CASH-BASED COMPENSATION

     BASE SALARY. The Compensation Committee determines the base salary of 
the President and CEO and reviews and approves base salaries for each of the 
Company's other executive officers annually in connection with annual 
performance reviews. In adjusting base salaries, the Compensation Committee 
examines both qualitative and quantitative factors relating to corporate and 
individual performance. In many instances, the qualitative factors 
necessarily involve a subjective assessment by the Committee. The Committee 
neither bases its considerations on any single performance factor nor does it 
specifically assign relative weights to factors but rather considers a mix of 
factors and evaluates individual performance against that mix both in 
absolute terms and in relation to other Company executives. Generally, in 
approving salary adjustments for executive officers (other than the President 
and CEO), the Committee considers the evaluation and recommendations of the 
Company's President and CEO.

     The Compensation Committee reviews an independent survey of compensation 
of executive officers of other high technology companies to enable it to set 
base salaries based on each executive officer's level of responsibility and 
within the parameters of companies of comparable size in the Company's 
industry. The survey includes a broader group of technology companies than 
those companies included in the Hambrecht & Quist Technology Index used in 
the performance measurement comparison graph included in this proxy 
statement. Generally, base salaries paid to executive officers for fiscal 
1998 were set at levels within the top half of salaries paid to executives 
under the independent survey. This is consistent with the Committee's 
objective of attracting and retaining executives whose skills and potential 
rank above the norm.

- --------
(1)  This section is not "soliciting material," is not deemed filed with the
     SEC, and is not to be incorporated by reference in any filing of the
     Company under the Securities Act of 1933, as amended, or the Exchange Act,
     whether made before or after the date hereof and irrespective of any
     general incorporation language in any such filing.

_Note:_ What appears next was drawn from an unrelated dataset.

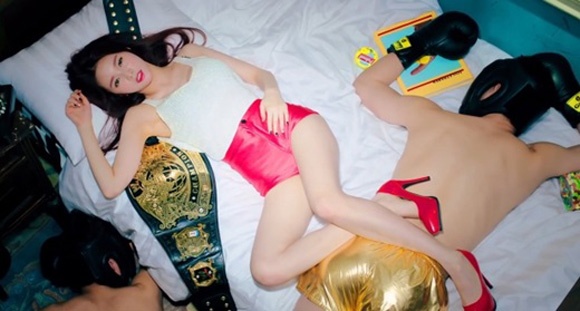 | Cảnh quay Sunmi nằm cạnh anh chàng lưng trần trong MV 24 Hours cũng thu hút sự chú ý của không ít khán giả. |
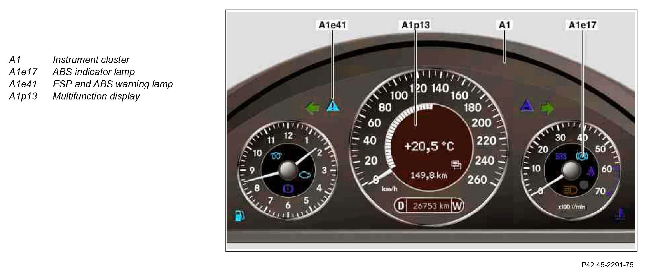 As a result the driving style can be better adapted to the road conditions. As of the end of closed-loop operation the ESP and ABS warning lamp (A1e41) continues flashing for approx. 1 second During a very brief Electronic Stability Program - closed-loop operation the ESP and ABS warning lamp (A1e41) does not light up.

                                       22

<PAGE>




     During fiscal 1998, consistent with the principles discussed in the 
prior paragraph, the Compensation Committee recommended an average salary 
adjustment for non-CEO executive officers of 6.9%. In addition to individual 
and corporate performance, the factors considered include relative salaries 
and responsibilities in the Company, the Company's merit budget, which 
considers factors such as inflation and the competitive environment relative 
to other technology companies, independent survey data, number of years with 
the Company and anticipated future responsibilities of each individual within 
the next year.

     ANNUAL INCENTIVE COMPENSATION OPPORTUNITIES. The Company maintains 
annual incentive compensation programs to reward executive officers and other 
selected senior management and technical personnel for attaining defined 
performance goals. The programs are designed to attract and motivate 
employees, and they are closely tied to corporate performance to enhance 
stockholder value and encourage profit and revenue growth. For executive 
officers, incentive compensation payments are based primarily on Company-wide 
performance targets, as well as personal performance measured against 
agreed-objectives. For selected senior management and technical personnel, 
Company-wide performance is a factor, and significant weight also is given to 
individual performance and the performance of particular operating groups 
within the Company. The programs are periodically reviewed with an executive 
compensation firm to ensure they are competitive and designed to achieve the 
performance intended.

     EXECUTIVE INCENTIVE COMPENSATION.

     In June 1997, the Committee approved an executive incentive compensation 
program based on performance results for fiscal 1998 in which all executive 
officers, including the President and CEO, participated. This program 
determined incentive compensation payments by application of a formula which 
takes into account (i) pretax profit and revenue goals against 
pre-established threshold levels and (ii) a position factor reflecting each 
participant's relative responsibility within the organization. The first two 
elements of the formula are adjusted by a range of numeric factors specified 
in the formula, which reflect the impact of particularly favorable or 
unfavorable individual performance. The Committee does not otherwise assign 
relative weights to any element. Individual performance factors may also be 
taken into account to modify the potential incentive compensation payment 
calculated under the formula. Under the program approved for fiscal 1998, no 
incentive payments could have been awarded unless a minimum level of 
profitability were achieved. In addition, no incentive payments could have 
been awarded unless payments were first made under the key employee incentive 
compensation program discussed below. The maximum amount for which Mr. 
Ciffone was eligible under the fiscal 1998 program was 150% of base salary. 
Other executive officers participating in the program were eligible to 
receive maximum amounts ranging between 80% and 120% of base salary.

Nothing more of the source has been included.